How is such elevation possible? How can the corporate securitization structure have such a transformative effect on our view of the credit risk profile of the business? Here, we address these frequently asked questions by looking at the key ingredients we consider when we rate a whole business securitization.

What Are The Key Ingredients That Allow For Elevation In Whole Business Ratings?

Four key factors allow us to differentiate, from a credit perspective, between the securitization debt and the corporate debt of the same company:

  • Asset isolation;
  • Post-bankruptcy continuity of cash flow;
  • Establishment of a back-up manager; and
  • A longer time horizon, which results in more cash to repay debt.

We deep dive into each of these factors below.

Asset isolation

We believe that isolation of the substantial majority of an operating business' revenue-generating assets in an SPE minimizes the likelihood of cashflow disruption in the event of the operator's bankruptcy. Establishing a bankruptcy-remote entity that isolates revenue-generating assets in a securitization highly increases the likelihood that cash flow is not disrupted if the operating company files for bankruptcy.

This is a key differentiator between securitized debt and typical secured or unsecured corporate debt, where the ongoing timing and magnitude of cash flows can depend on the outcome of a bankruptcy proceeding (hence, the use of our recovery ratings to establish issue-level corporate ratings).

Post-bankruptcy continuity of cash flow

The business itself must support our view that cash flows can continue following the operating company's (the manager's) bankruptcy filing. Very few businesses support this view, in our opinion.

To overcome a manager's bankruptcy in our analysis, we have to believe the business itself will continue to generate cash flows following the manager's filing:

  • We can generally only assume the business will continue to generate cash flows after the manager's filing when the revenue-generating assets have sufficient credit independence from the manger and behave more like operating assets. For example, an aircraft will likely continue to generate cash flow assuming it is serviced properly, regardless of which specific airline operates it.
  • For U.S. corporate securitizations, which are primarily backed by royalties from franchised businesses such as restaurants, we believe many franchisees will likely continue operating their units following a manager's filing as long as unit economics remain attractive and another entity can take over the basic general and administrative (G&A) functions of the manager. We believe the viability of such a post-manager-default situation relies heavily on the existence of either a sustainable customer value proposition or strong brand loyalty. Though the latter can be hard to quantify, we believe that system size and length of operating history, together with the existence of unique intellectual property, are useful indicators. Following a manager's bankruptcy, we expect the business' system-wide revenue will have substantially declined, but it will not have been mostly eliminated.

It is important to emphasize the difference between post-bankruptcy continuity of cash flow and asset isolation, which was discussed in the previous section. Asset isolation considers who has claims to the cash generated by the business and the timing of gaining access to that cash relative to other creditors.
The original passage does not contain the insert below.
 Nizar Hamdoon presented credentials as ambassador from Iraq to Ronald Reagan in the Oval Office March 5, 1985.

Post-bankruptcy continuity, on the other hand, is about having sufficient confidence that the business' assets will continue to generate cash following the manager's filing, irrespective of who has claims to that cash.

Establishment of a back-up manager

For S&P Global Rating to be comfortable that cash flow generation will continue following the the manager's bankruptcy filing, there must be a back-up manager, or we must believe that there is enough depth of backups in the market that the servicing function of the bankrupted manager could be quickly transitioned to a back-up manager.
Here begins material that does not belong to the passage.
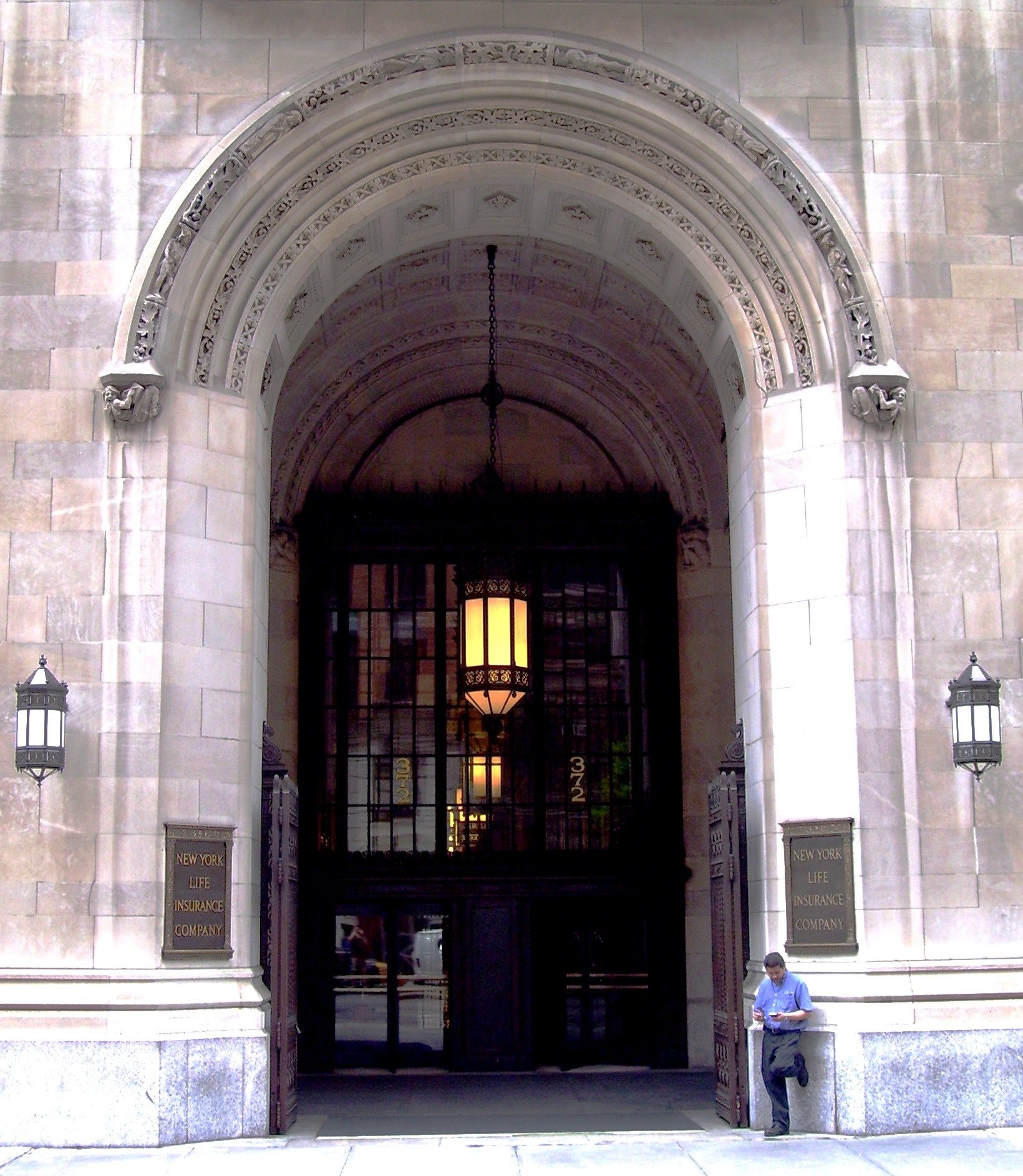 An archway entrance to the New York Life Building on Park Avenue South.

A longer time horizon, which results in more cash to repay debt

Corporate debt issues typically have maturities between five and ten years. To take a highly simplified view of credit risk, consider a company with corporate debt maturing in seven years and a 6x debt/EBITDA leverage multiple, the business may be able to pay off the debt in year six (one year before legal maturity), assuming a flat EBITDA level over that time. As it only takes six years to pay the debt, and there are seven years of EBITDA, the last year might be considered "excess credit enhancement," at around 1/6 of debt, or 16%.

Securitizations tend to have 30-year legal maturities. In the example above, for a company with a 6x debt/EBITDA multiple, if it takes six years to pay off debt from current EBTIDA level, years seven to 30 are all excess credit enhancement (i.e., if EBIDTA weakens and the business can't pay down the debt in six years, there is a much longer buffer of time and income to repay debt). In the corporate example, if things go wrong, and EBITDA declines, there was only a one-year buffer. In a typical 30-year securitization, on the other hand, there can be over 20 years of additional EBITDA available. Hence, there is substantially more credit enhancement.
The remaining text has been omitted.